We have provided you with the following datasets in the data directory:

  • survey-questions/ - A copy of the survey questions for all language locales currently running in the US
  • survey-data.tgz - Synthetic data for a period from April 6, 2020 to June 8, 2020. This file is too big for git, but you can fetch it from the v1.0.1 release. Package includes:
    • survey-data/input/ - Raw survey data
    • survey-data/weights_in/ - Accompanying weights
    • survey-data/receiving_gold/ - Correct output files for Household CLI and Community CLI
    • survey-data/params.json.medium - A params file to process the last 8 days of synthetic data; baseline running time 86 minutes on an 8-core machine with 32G of memory
    • survey-data/params.json.large - A params file to process all available synthetic data; baseline running time 60 hours on an 8-core machine with 32G of memory
  • covidcast_upload_spec.md - Spec for the COVIDcast API file format
  • signal_descriptions.pdf - Technical documentation for all computations

Task

Coverage

  1. Compute a statistic for one of the 18 questions not already being analyzed
  2. Aggregate the statistic into larger geographical regions by zip code
  3. Smooth the data over a 7-day moving window
  4. Generate output files formatted for the COVIDcast API

Repeat with as many questions as you like. Any statistic is fine (sum, average, the fraction choosing “Yes”, etc).

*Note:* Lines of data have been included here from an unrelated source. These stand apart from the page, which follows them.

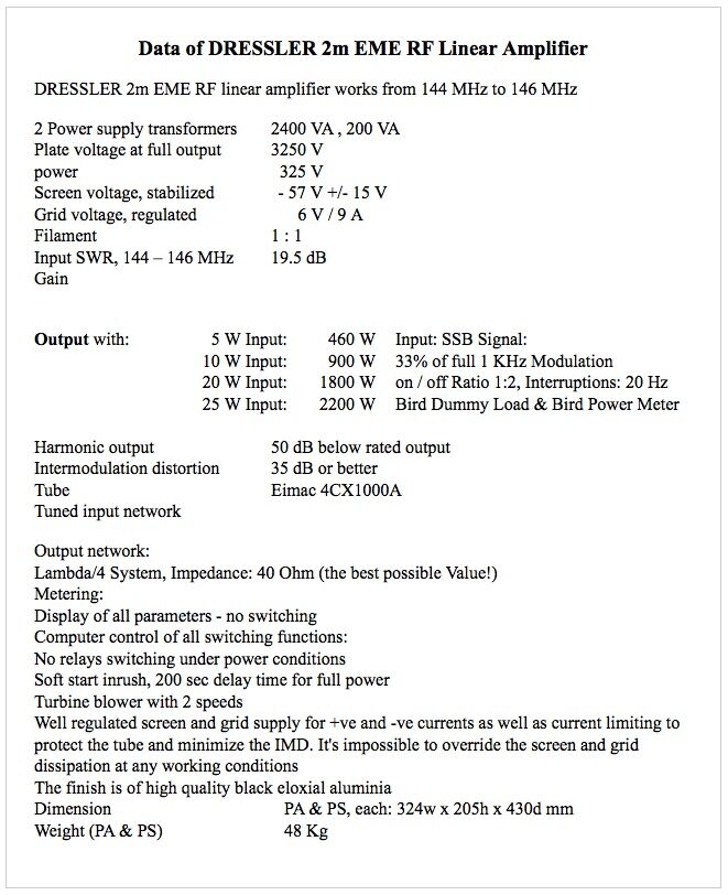 DRESSLER 2m EME RF linear amplifier works from 144 MHz to 146 MHz Link Category: QRO/QRPOctober 12, 2011Tags: EMELinear amplifierPAVHFPost navigationPreviousPrevious post:World Radio DayNextNext post:HA1YA’s RF Linear Amplifier ME1200H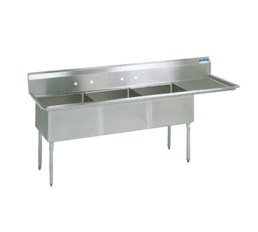 Maximize your food service potential with the BK Resources, BKS-3-24-14-24R Sink. This three-compartment sink is designed to meet the demands of a busy commercial restaurant. With an overall size of 98-1/2"W x 29-13/16"D x 43-3/4"H, it provides ample space for washing, rinsing, and sanitizing dishes. The sink features three compartments, each measuring 24" wide x 24" front-to-back x 14" deep, allowing for efficient workflow and easy cleaning. The 24" drainboard on the right provides a convenient space for drying dishes. The sink is made of durable 18/304 stainless steel construction, ensuring long-lasting performance in a demanding kitchen environment. It also includes basket drains for added convenience. The galvanized steel legs and adjustable high impact corrosion-resistant feet provide stability and durability. NSF certified, this sink meets the highest standards of cleanliness and sanitation. Upgrade your restaurant's kitchen with the BK Resources, BKS-3-24-14-24R Sink and experience enhanced efficiency and productivity.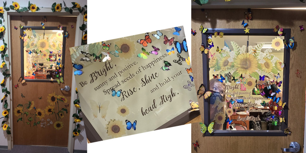 Amber and Andy peeing out the window of Amber's Sunflowers and Butterflies Door amber_door_2 Sizes: 150 × 150 / 500 × 250 / 630 × 315 / 630 × 315 / 1,024 × 512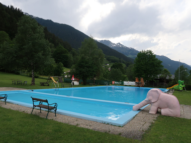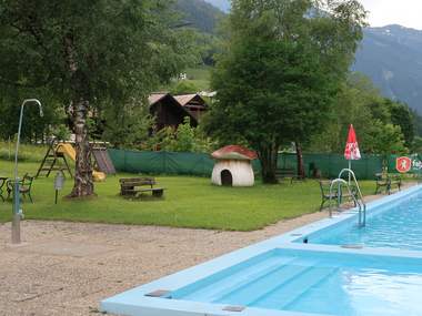 Beheiztes Sport- Kinderbecken mit großer Liegewiese, Kinderspielplatz, Tauchring uvm.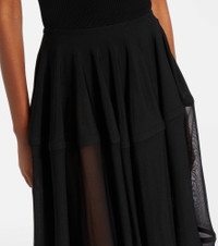 Upholding the legacy of Azzedine Alaia, the maison’s designs achieve an artful balance between sculptural and wearable. This midi skirt is crafted in Italy and boasts a semi-sheer construction with a high-rise, elasticated waistband. Product Details - Material: 76% viscose, 24% polyamide - Care instructions: dry clean - Made in Italy - Color: black - Designer color name: Noir Alaia - Elasticated waistband - Item number: P01112331 Size & Fit - True to size - Semi-sheer - Slightly stretchy fabric - High-waisted - The model seen in the picture is 178cm-5'10" and wearing a size FR 34

At judging time, we will test your code on synthetic raw survey data from April 6, 2020 to June 9, 2020 (so, an additional day of recorded data from what we have given you). We will check whether the outputs are in the proper format, and contain no invalid entries according to the spec.

Extra credit will be awarded if the choice of statistic is easy to modify. If you implement multiple additional questions, extra credit will be awarded if it is easy to select at runtime which question(s) to output.

Speed

  • Compute Household CLI and Community CLI as quickly as possible.

You may modify any part of the code to improve the speed, but the output must match the provided correct outputs. You may cache any data you like to disk, including staged output files. The time it takes to generate cached data will not be included in the final running time of your code.

At judging time, we will test your code on synthetic raw survey data from April 6, 2020 to June 9, 2020 (so, an additional day of recorded data from what we have given you). We will measure how long it takes your code to generate output files from April 6, 2020 to June 9, 2020, and we will check whether the outputs are correct.

Be careful! Survey responses can be submitted several days after they were started. This means the raw data file for June 9, 2020 must be able to affect the output for earlier days.

Judging

The deadline to submit your solution is Sunday at 3pm US Eastern time (UTC-04:00).

To submit, fork this repository and submit a pull request on GitHub. Make sure your README file includes the following information:

  • The names of all team members
  • Which task(s) you attempted
  • Any results you are proud of
  • Any special instructions for running your code

No matter what task you chose, extra credit will be awarded for:

  • Documentation - If you wrote new functions, are they commented? If your code supports new configuration options, did you describe how to use them?
  • Readability - Is your source code easy to understand? Did you divide it into meaningful functions?
  • Usability - Is it easy to run your code? Is it easy to predict what will happen when it is run?